If the device fails the authentication or is a clientless device, it is considered a nontrusted device. This can be given less privileges, such as IP addresses from a separate DHCP pool.
Computers and networks are under constant attack. Antivirus programs are usually installed on computers to protect them. The software version and data files of these programs need to be updated continuously. The Network Admission Control (NAC) feature in Cisco IOS Software ensure that only computers with up-to-date antivirus programs and operating system updates can access the corporate network, thereby preventing (possibly) infected computers from infecting other machines on the network. This also helps to prevent vulnerable machines from getting infected by the viruses that are present in the network.
The router talks to the Cisco Trust Agent installed on the computer. The Cisco Trust Agent then collects important parameters about the computer (for example, OS type, OS version, antivirus version, or antivirus data files version) and passes it on to the router. The router forwards this information to a RADIUS server, which validates the data. This process is called posture validation. Depending on the outcome of the validation, the machine can be given complete access, limited access, or no access.
A RADIUS server is required for different components of the Cisco ECT solution, namely NAC, 802.1x, Authentication Proxy (AuthProxy), and PKI-AAA authentication of routers. NAC and 802.1x have been discussed in the preceding section.
The AuthProxy feature is used for end-user authentication. The user is allowed access to the corporate site only if valid credentials are provided. The credentials need to be verified by a RADIUS server. Upon verification of the credentials, appropriate permit access control entries (ACEs) are downloaded and applied on the remote spoke, giving the user the appropriate level of access. PKI-AAA authentication can be used for device authentication to check the validity of ECT routers as part of secure session setup.
Cisco IOS IP Mobility technology can be integrated into the Cisco ECT solution framework to enable users to roam between networks while enjoying secure connectivity to the corporate intranet without service interruption.

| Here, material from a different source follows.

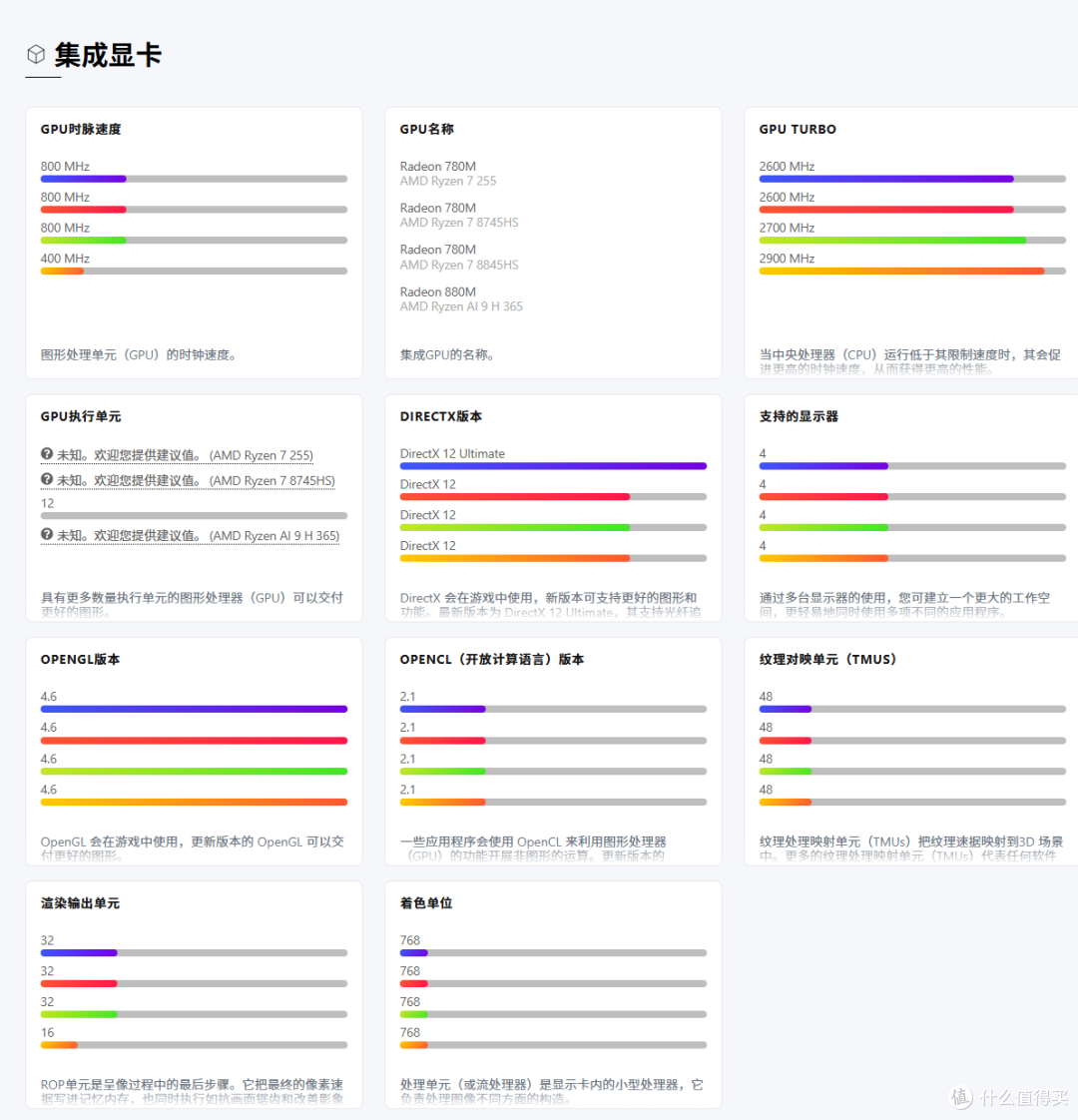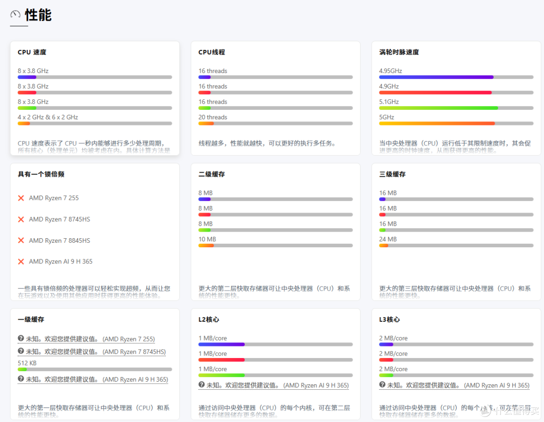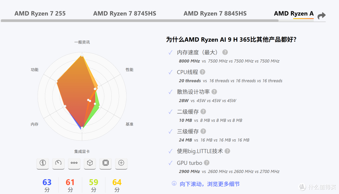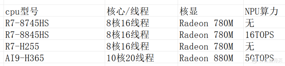 R7-8745HS、R7-8845HS、R7-H255三款处理器,均为8核16线程,集成Radeon 780M核显,其中8845HS相比8745HS/H255频率略高0.2GHz,带有NPU(16TOPS AI算力)这点算力够干啥的。AI9-H365价格又太贵,虽然NPU算力达50TOPS,但是这点算力,对一般使用场景来说性能提升并不是很明显,那说实话真需求ai还得是去买n卡。

Cisco Mobile Client, installed on laptops and PDAs, maintains a mobile IP session between the device and home agent (residing on the corporate network). Mobile users with Internet connections that are provided by Mobile IP often use data tunnels (IP or generic routing encapsulation [GRE] in IP tunnels) to handle endpoint addresses that change frequently. The data within the mobile IP tunnel
is not encrypted.
Running an Easy VPN or SSLVPN session over the Mobile IP session helps ensure that sensitive data coming to the corporate network is encrypted and protected. By encapsulating this tunnel securely using Easy VPN or SSLVPN, users can enhance the level of security provided to the end user, while providing voice capabilities and the ability to use multiple devices.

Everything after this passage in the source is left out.